There is an increasing interest in the clinical development of therapies targeting genetically defined PD, despite this only representing a small proportion of the overall PD population. Why does this provide such an attractive target for pharmaceutical intervention?
Parkinson’s disease occurs when patients are unable to produce enough of the neurotransmitter dopamine, which occurs due to the death of some of their neurons. The exact mechanism behind this cell death remains unclear.
α-synuclein and PD
α-synuclein, a presynaptic neuronal protein, is commonly linked to the pathology of PD as it forms part of potentially toxic aggregates in neurons of PD patients. Targeting α-syn has been the focus of PD disease modifying treatment developments to date, commonly using monoclonal antibodies.
In recent interim analyses of Roche’s PASADENA Ph2 study, its α-syn mAb prasinezumab failed to reach its primary endpoint of slowing disease progression, however showed promising signs of efficacy on multiple secondary and exploratory measures. It remains to be seen if an interim analysis for Biogen’s cinpanemab, which is expected to be released by the end of 2020, follows a similar fate.
Lysosomal dysfunction as a treatment target
It has been proposed that by treating a genetically validated disease mechanism, the probability of success of a clinical trial increases by two-fold. The most common mutations associated with PD are in the GBA and LRRK2 genes, leading to lysosomal dysfunction. Considering the increased probability of success, therapeutics that target lysosomal dysfunction are a growing focus in the PD field.
Sanofi’s venglustat, a GCS inhibitor aimed at GBA-PD, is currently in Ph2 development, with a pivotal trial expected to conclude in 2025, allowing potential filing in that same year. Interestingly, Sanofi announced that the FDA recommended that its Ph3 development plan includes a 20% proportion of patients with sporadic disease. This suggests a confidence from the regulators and company that venglustat has the potential to provide a benefit for a broader PD population.
This is consistent with Denali Therapeutics’ claims for its Ph1 LRRK2 inhibitors, which it plans to investigate in two parallel Ph2 trials in LRRK2 and sporadic PD patients. In August, Biogen and Denali announced that they had signed an agreement to co-develop and co-commercialise Denali’s LRRK2 inhibitors, showing a significant confidence in the likelihood of success for this program.
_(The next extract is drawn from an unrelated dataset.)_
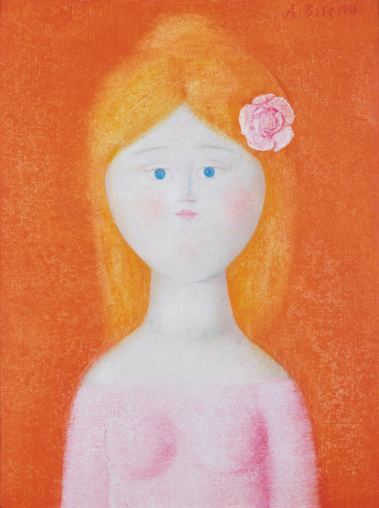 ANTONIO BUENO Berlino (Germania) 21/07/1918 - Firenze 26/09/1984 - Fanciulla con rosa nei capelli, (1976), olio su masonite cm. 40x30, firma in alto a destra, opera registrata presso l'Archivio Antonio Bueno a cura dello Studio R.G.B. come da dichiarazione su foto, opera registrata presso l'Archivio Antonio Bueno a cura di Isabella Bueno come da dichiarazione su foto.
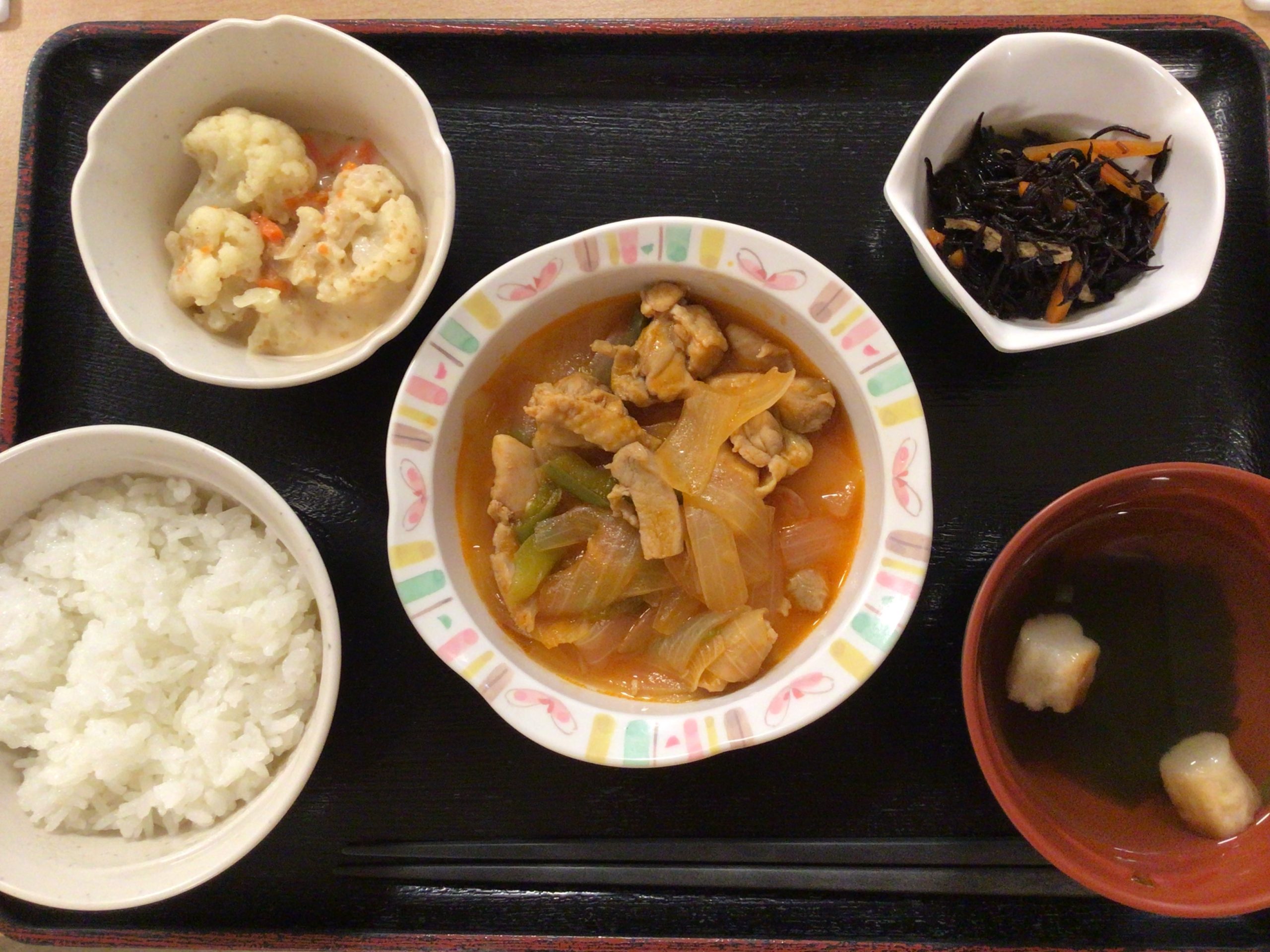 【昼食】 1.ご飯 2.チキンチャップ 3.カリフラワーごまドレ和え 4.ひじき煮 5.すまし汁

Subsequently, in early October further big pharma interest in the genetic PD space was revealed, with Bial’s acquisition of worldwide rights to Lysosomal Therapeutics Ph1 GBA-PD therapy LTI-291.
Despite the significant recent investments made by big pharma in the genetic PD space, and the associated confidence and positive messaging on the possibility to expand potential use to a sporadic population, neuroscience KOLs appear less convinced. During recent conference presentations, the consensus was that if therapies can provide a benefit to those without a genetically defined diagnosis it is unlikely to be as significant. As such, these KOLs believe that clinical development of these genetically targeted therapies should initially be restricted to genetic PD patients. Only time will tell if big pharma’s confidence translates into successful disease modifying treatments for a broad PD population.